На лице Майсгрейва отразилось разочарование, и хозяин, заметив это, угодливо предложил:

– Вы можете подождать его здесь. У меня есть комната для отдыха, в котором, судя по вашей запыленной одежде, вы изрядно нуждаетесь. Вам подадут весьма неплохое жаркое: я добрый христианин и чту пост, однако постояльцы обычно предпочитают мясо рыбе. А кухарка у меня такая, что даже знатные лорды не брезгуют «Золотой Чашей». Клянусь Святым Марком и Святой Гризельдой, всякий скажет, что мое заведение лучшее на Лондонском мосту!

Майсгрейв не возражал, и они расположились за одним из столов подальше от чадящего очага. Рыцарь сбросил вязаный капюшон, плотно облегавший голову, встряхнул кудрями, и Анна увидела, как растрепанная молодая служанка улыбнулась ему, а когда неспешно удалялась, покачивая бедрами, послала призывный взгляд рыцарю. Анну взбесила такая фамильярность, но, заметив, что Филип наблюдает за ней, предпочла промолчать. Жаркое, что им подали, действительно оказалось превосходным. Анна принялась было за еду, но неожиданно остановилась, прислушиваясь к разговору за соседним столом.

– В Лондоне при Йорках куда как худо, – толковал высокий крепкий мужчина с живыми темными глазами и перебитым носом. – Народ стал недоверчив, каждый готов вцепиться в любого. А все потому, что нелегко прожить. Королевские поборы давят все тяжелее, да еще неурожай и холодная зима сделали свое дело. Цены взлетели, подвоз стал плох. Без твердой королевской руки развелось столько разбойников, что никто не решается ехать с товаром в Лондон. А ведь еще недавно, когда всем заправлял славный граф Уорвик, мы ухитрялись жить по-божески. Сам я каменщик и за день получал в те времена до десяти пенсов. Тогда никто не кричал о войне, горожане строились, и работы хватало. Однажды великий Делатель Королей, когда мы работали в Вестминстере, даже похвалил меня за усердие и сунул несколько тяжелых ноблей. Увы, кто бы мог подумать, что Ричард Невиль станет первым врагом Эдуарда Йорка! Ставлю голову против двадцати пенни, что, когда он ступит на мостовую Лондона, его примут здесь словно нового мессию, ибо никогда здесь не жили так хорошо, как при нем.
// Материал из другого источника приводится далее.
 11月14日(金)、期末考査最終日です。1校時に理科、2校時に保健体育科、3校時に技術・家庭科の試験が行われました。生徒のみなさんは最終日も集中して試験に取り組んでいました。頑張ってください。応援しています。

– Клянусь Бахусом, ты прав, друг Перкен! – заметил, оторвавшись от кружки с элем, молодой клерк с прилизанными волосами, спускавшимися до бровей. – Я помню те пиры, которые он закатывал во дворце Савой. Столы ломились от яств, и кое-что перепадало и нам – бедному люду. А кто подобно мне имел знакомства в его доме, получал там столько мяса, сколько мог унести на длинном кинжале.

Трактирщик, топтавшийся все это время подле их стола, опустился на скамью и со вздохом добавил:

– И я благословлял сэра Ричарда, ибо его щедрость не знала границ. Когда он жил в Лондоне, ежедневно к его столу закалывали семь быков, и все таверны были полны их мясом. Граф был великодушен и прост. Он любил прогуляться по Лондону пешком, и горожане приветствовали его почтительнее, нежели короля Генриха или же красавчика Эдуарда Йорка.
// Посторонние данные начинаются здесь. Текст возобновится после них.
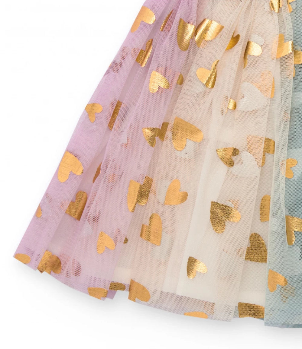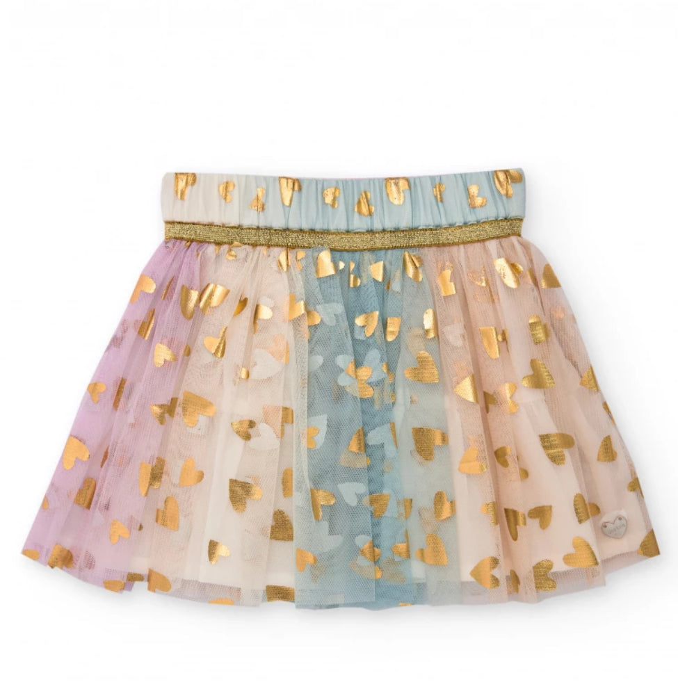 TucTuc Conjunto Camiseta Estampado Corazones Falda Tul Rosa Estampado Corazones Dorados

Сидевший тут же низкорослый лодочник с круглым безбровым лицом поведал, как однажды он перевозил графа через Темзу и тот беспрестанно торопил его.

– Мой ялик был стар и двигался медленно. Однако, желая угодить Уорвику, я греб изо всех сил. И надо же было такому случиться, что когда я причаливал, то случайно ударил веслом о камни и поломал его. Но граф, выходя из лодки, сказал мне: «Ты постарался ради меня, дружок. А то, что весло сломалось, – не беда. Возьми, купи себе новое». И бросил мне кошель, полный новеньких серебряных шиллингов. С той поры я зажил припеваючи. Какое там весло!.. Я смог починить свой дом, купить жене и детям обновки и даже арендовать в районе Уаплинга клочок земли под огород. И на новую лодку мне хватило, я назвал ее «Ласточка Уорвика». Быстрее ее вы не найдете на всей Темзе.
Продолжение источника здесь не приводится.